_How to complete this task_
All lines from the one containing "Лампочка светодиодная Saffit" through the last line of the listing below are to be copied exactly. Exclude the pictures.

_Exercise materials_
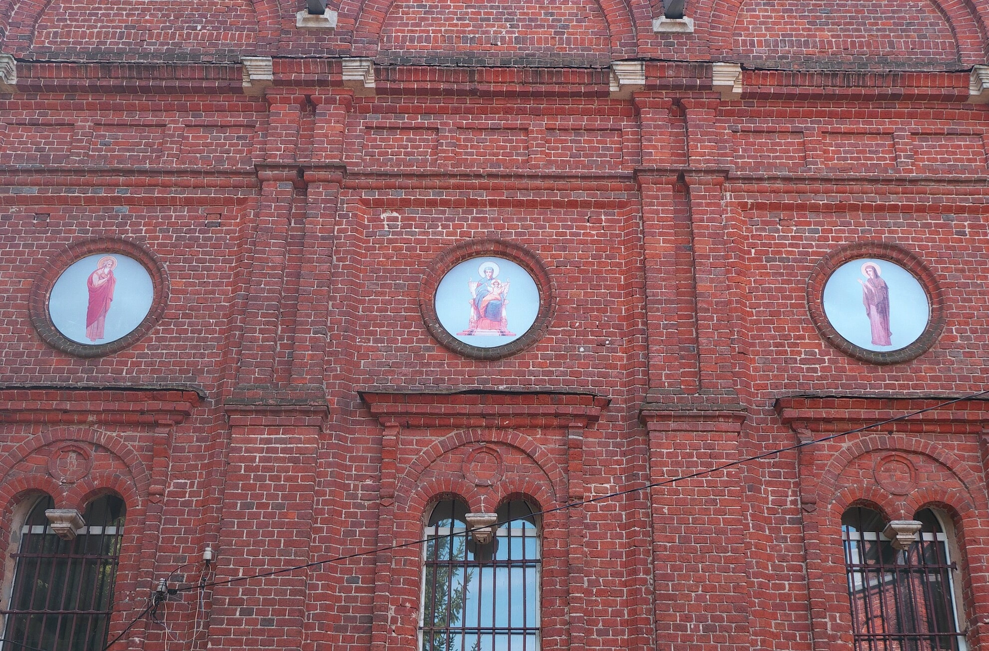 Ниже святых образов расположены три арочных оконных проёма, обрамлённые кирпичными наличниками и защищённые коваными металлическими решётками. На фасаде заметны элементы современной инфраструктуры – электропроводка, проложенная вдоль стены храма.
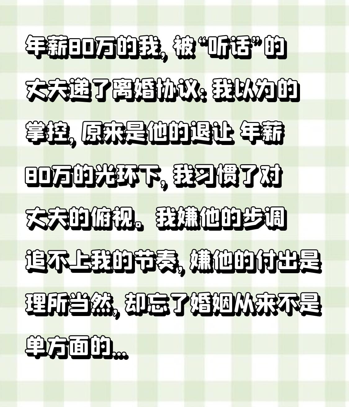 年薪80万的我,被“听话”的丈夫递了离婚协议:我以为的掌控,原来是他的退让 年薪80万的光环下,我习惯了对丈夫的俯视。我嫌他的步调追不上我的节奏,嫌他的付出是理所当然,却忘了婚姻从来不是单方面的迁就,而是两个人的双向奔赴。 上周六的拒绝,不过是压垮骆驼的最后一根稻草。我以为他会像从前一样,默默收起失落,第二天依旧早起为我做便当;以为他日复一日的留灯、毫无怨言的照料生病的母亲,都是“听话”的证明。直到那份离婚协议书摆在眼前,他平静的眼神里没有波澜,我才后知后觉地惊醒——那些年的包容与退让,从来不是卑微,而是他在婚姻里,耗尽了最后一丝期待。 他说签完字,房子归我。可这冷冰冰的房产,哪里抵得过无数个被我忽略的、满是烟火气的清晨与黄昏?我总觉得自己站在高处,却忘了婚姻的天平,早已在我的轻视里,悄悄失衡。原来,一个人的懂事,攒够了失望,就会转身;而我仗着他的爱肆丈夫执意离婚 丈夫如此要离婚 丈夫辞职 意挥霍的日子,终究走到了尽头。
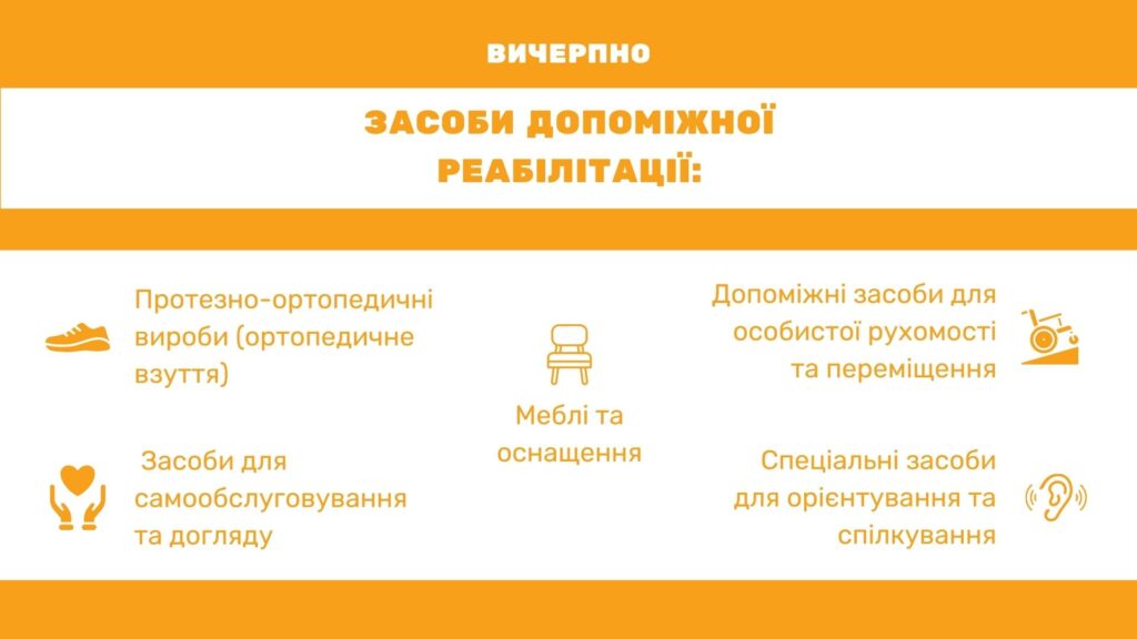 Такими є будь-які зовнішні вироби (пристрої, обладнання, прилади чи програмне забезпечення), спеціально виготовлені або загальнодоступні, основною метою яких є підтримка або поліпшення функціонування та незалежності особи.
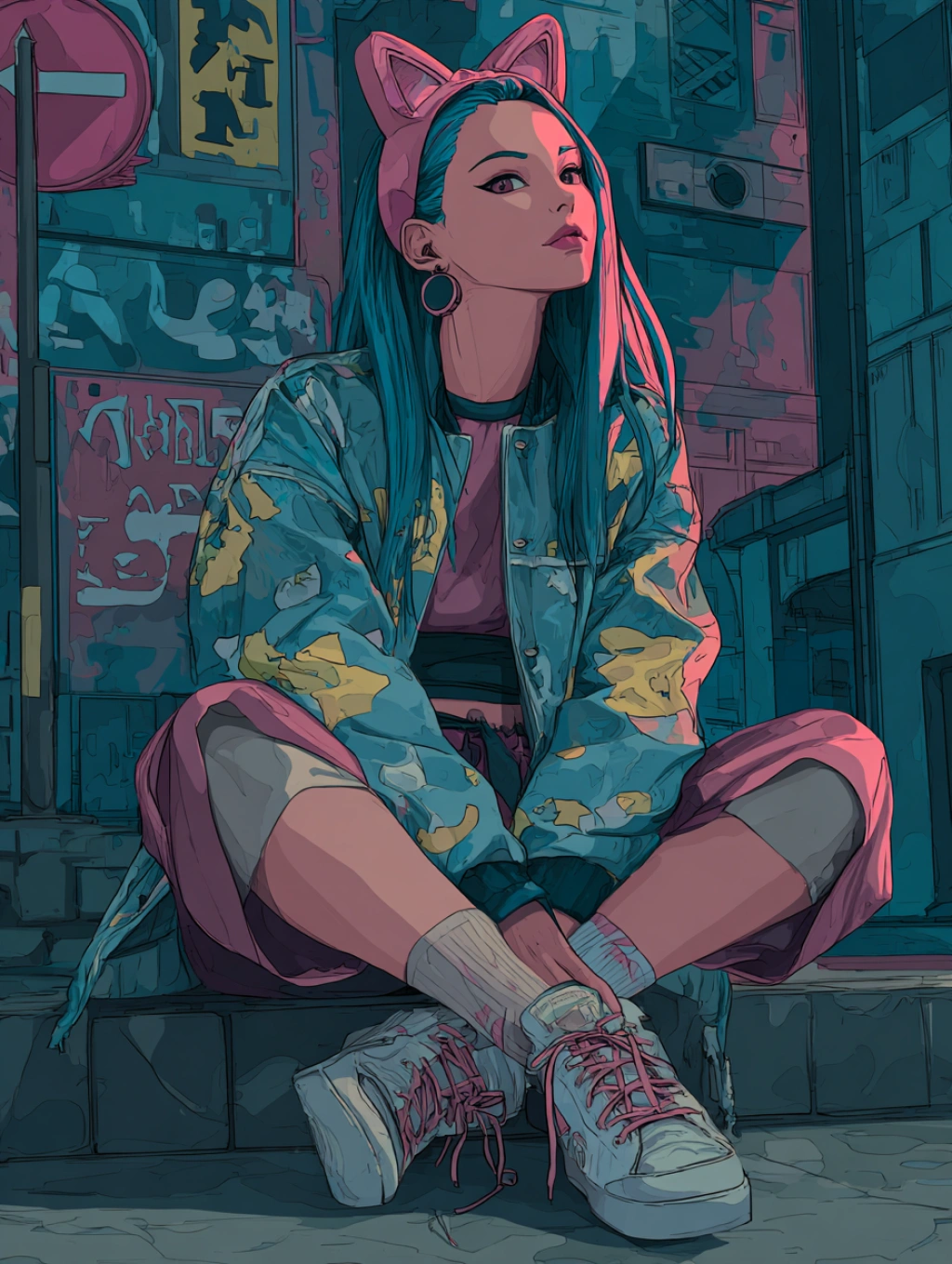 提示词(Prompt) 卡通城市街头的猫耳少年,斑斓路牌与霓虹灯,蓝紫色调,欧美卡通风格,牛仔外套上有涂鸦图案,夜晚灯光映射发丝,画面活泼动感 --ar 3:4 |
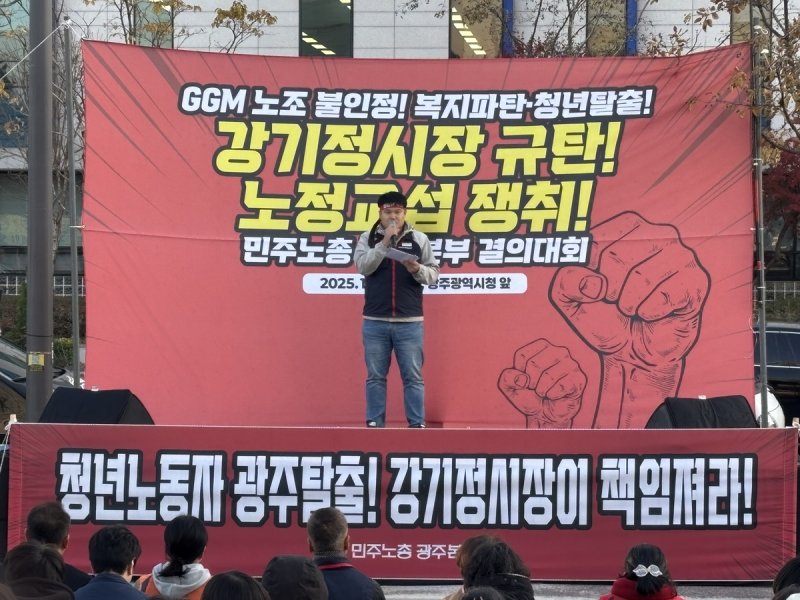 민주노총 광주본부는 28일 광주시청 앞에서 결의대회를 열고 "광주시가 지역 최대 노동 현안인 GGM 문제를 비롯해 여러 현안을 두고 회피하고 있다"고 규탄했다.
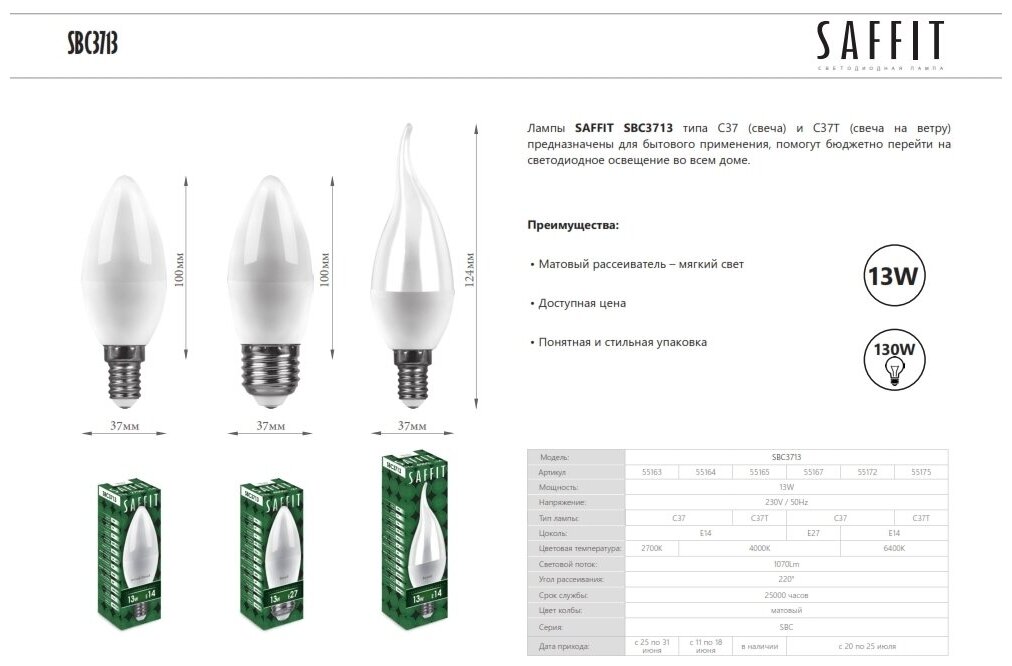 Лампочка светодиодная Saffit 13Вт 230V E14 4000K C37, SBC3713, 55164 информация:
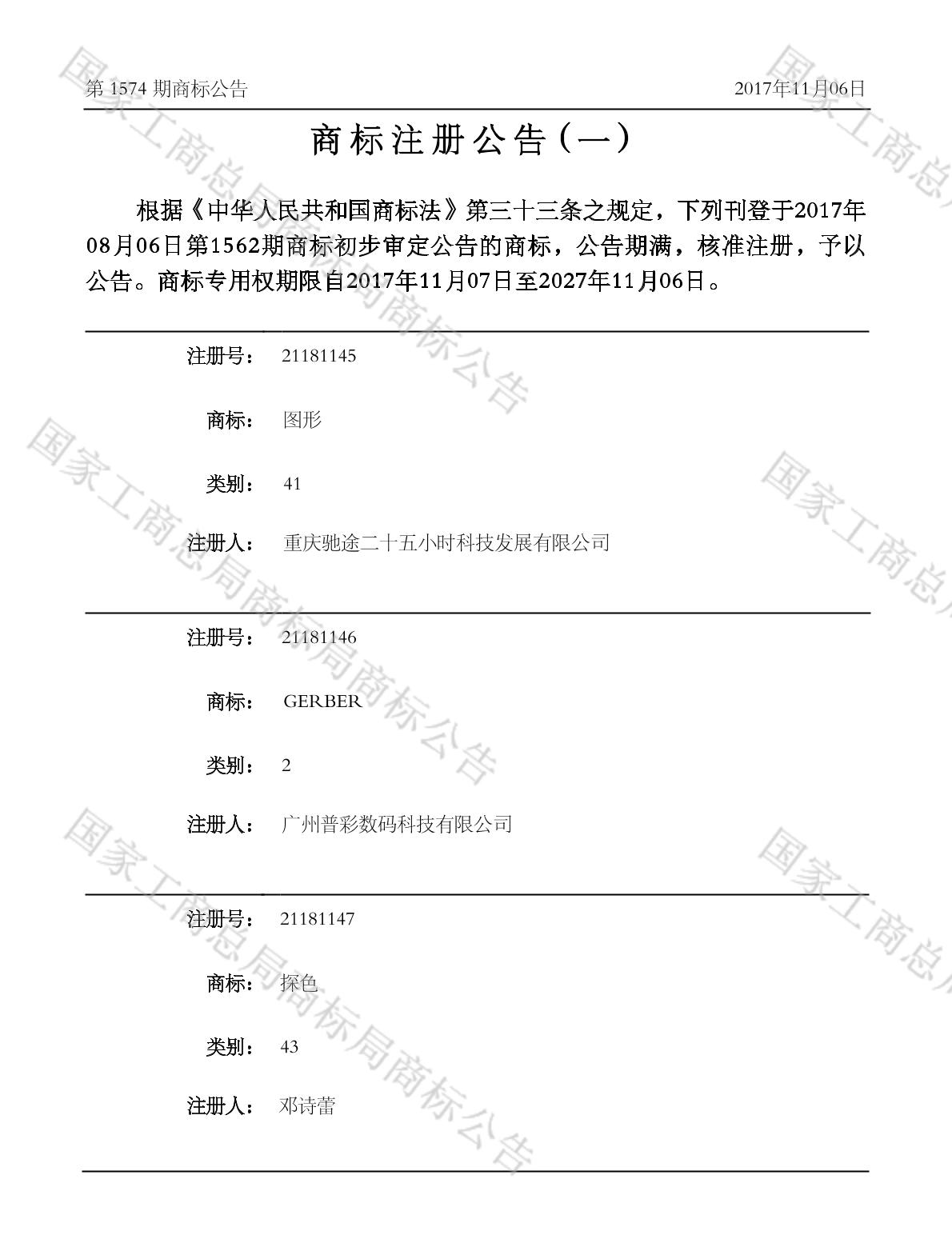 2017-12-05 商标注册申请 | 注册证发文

_Answer below_
 Лампочка светодиодная Saffit 13Вт 230V E14 4000K C37, SBC3713, 55164 информация:
 2017-12-05 商标注册申请 | 注册证发文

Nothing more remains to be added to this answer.